People have forgotten what it means to be wrong. They forgot what it means to pivot based on new information that has come to light. What’s worse: they distrust those who come with different insights than theirs.
“Freedom is the freedom to say that two plus two make four.” - George Orwell, 1984
The post-truth era doesn’t only impact the view on learning approaches like Agile. It also gives a podium to people with unfriendly motives. This exists in all kinds of shapes and forms.
One way is an unfounded hating of Agile. Hate blogs, for instance, get far more reads than positive information. It seems that people love to hate. The internet is filled with articles and videos hating on Agile. When you read or view them though, they are often building a strawman, call it Agile and then criticize Agile unfounded.
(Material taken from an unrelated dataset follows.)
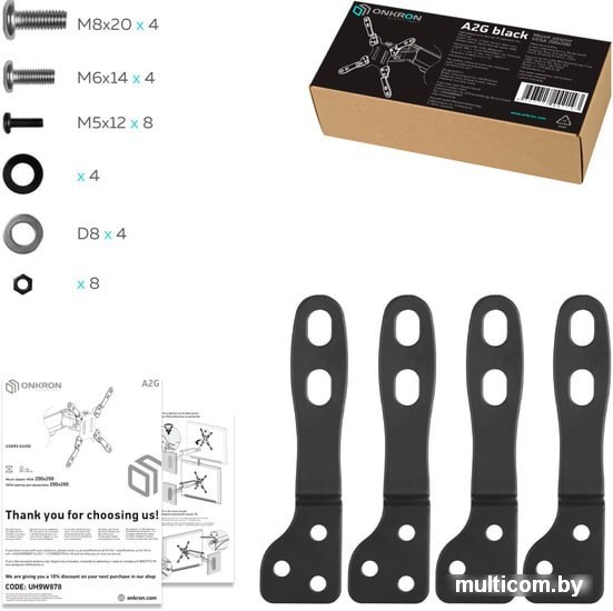 Информация | Универсальный адаптер ONKRON A2G предназначен для установки мониторов с размерами монтажных отверстий 100х200, 200х100, 200х200 на любой кронштейн ONKRON с VESA-панелью, обладающей монтажными отверстиями 75х75 и 100х100 мм. Адаптер изготовлен из высококачественной стали, что позволяет крепко зафиксировать монитор на кронштейне. Адаптер поставляется с комплектов винтов для крепления адаптера к кронштейну, а также болты для монитора, которые могут пригодиться при установке нового монитора. |

I acknowledge Agile isn’t a magic solution, but unfounded criticism flooding the social networks is something else.
Another way is how snake oil salesmen dismiss Agile as something from the past, selling their next big thing. They gamble that no one will notice that this next big thing is nothing more than a watered-down version of Agile with many misunderstandings of the original and throwing in things that are popular today.
Then we have the billionaire bullies who force their people to work long hours, do what they tell them, however stupid the idea is, and dismiss anything resembling self-management. All the while presenting themselves as the greatest geniuses of the world, urging other so-called leaders to follow in their footsteps.
The post-truth era impacts us in many more ways that are more important than the state of Agile. It profoundly impacts us on a global scale, often in a scary way. I think we all have examples of this.
I can’t separate the lower popularity of Agile from the current post-truth era. For me, the only way to thrive is to embrace the truth, however uncomfortable it is. And be Agile and adapt to the truth. In every aspect of life.
“Power is in tearing human minds to pieces and putting them together again in new shapes of your own choosing.” - George Orwell, 1984
I would add one critical aspect from the Agile community: The bashing of the Agile Industrial Complex. So many people made money and careers selling frameworks, training and certifications, and now this is bad and done "by the others". There are some very good self-critical articles out there, but they are surprisingly rare. Empiricism is hard to live up to, and many Scrum practitioners fail to do so.